- The Washington Times - Thursday, May 28, 2009

Hello Ms. Vicki,

My father died eight months ago and my mother has already moved another man into her home. My father worked hard and retired from the Army and he is not cold in his grave and my mother has let another man climb into her bed.

Instead of waiting for him to be buried at Arlington National Cemetery like he always wanted, she wanted to have my father cremated so she could hurry and move on with her life. My siblings and I vehemently objected to this, which is the only reason she waited to have him buried.

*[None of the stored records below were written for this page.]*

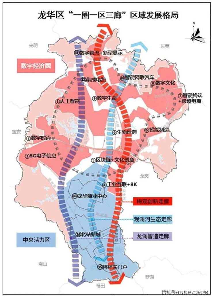 根据《龙华区城市更新和土地整备“十四五”规划》,构建“一圈一区三廊”空间格局,北部打造全球万亿级数字经济圈,南部打造深圳中央活力区,打造纵贯南北的三大都市走廊(梅观创新走廊、观澜河生态走廊、龙澜智造走廊);同时,提及提升北站国际商务区、龙华国际商圈重点片区发展能级。
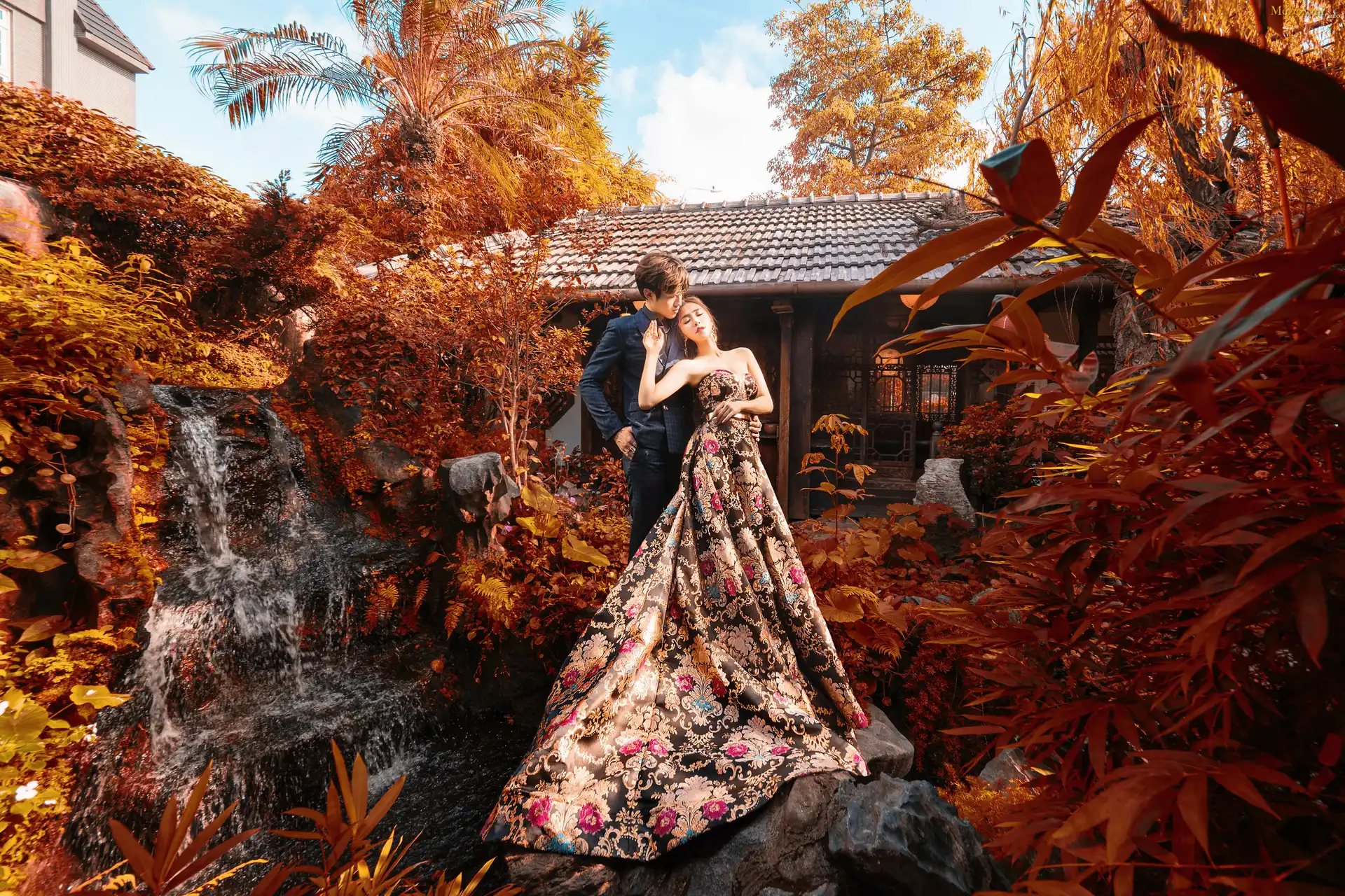 Kobieta, Mężczyzna, Para, Zakochani, Miłość, Ogród, Jesień, Dom
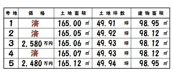 | 所在地 | 土地面積/坪数 | 総区画数 | 建物面積 | 建築年月 | 価格 |

This new man is a jerk who has nothing to offer my mother. He’s been married three times and doesn’t even have a relationship with his own children. He is disgusting. He preys on the widows at church and my mother is his next victim. She is an old lady who is acting like a sex-crazed teenager. She is walking around all giddy like this is the first time she has ever been in love. How can she just ignore her love for my father?

I am so angry with her over this. She has already started spending life insurance money from my father. She has taken two vacations with her new beau - one was an Alaskan cruise. If this keeps up, she is going to be penniless and this man will leave her high and dry.

Ms. Vicki, I am angry, but how can I talk some sense into my mother’s head? I don’t want any money or anything, I just want her to be OK. My brother wants to hire a private detective to try and find out more about this man, but I hope this doesn’t backfire.

- My Mother in Mitchellville

Dear Mitchellville,

You have every right to be concerned about your mother. She appears to be moving very fast, but this could be a part of her grieving. It’s important that you not come across angry because it will only make her defensive and isolated from you. You don’t want that to happen.

Right now she needs to have as much interaction with the family as she possibly can, as often as possible. I think you and your siblings should talk with your mother about her finances, encouraging her to save as much as possible. Let her know you want her to have a good time, but she has to be able to care for herself financially.

I regret having to tell you this, but you also should try and get along with this gentleman when he is around. If his intentions are foul, he would love it if he doesn’t get along with you and your siblings. That way, he gets to tell your mother you are being mean toward him and that he doesn’t want to be around you. You need just the opposite - to be in his company often so you can come to your mom’s aid if necessary.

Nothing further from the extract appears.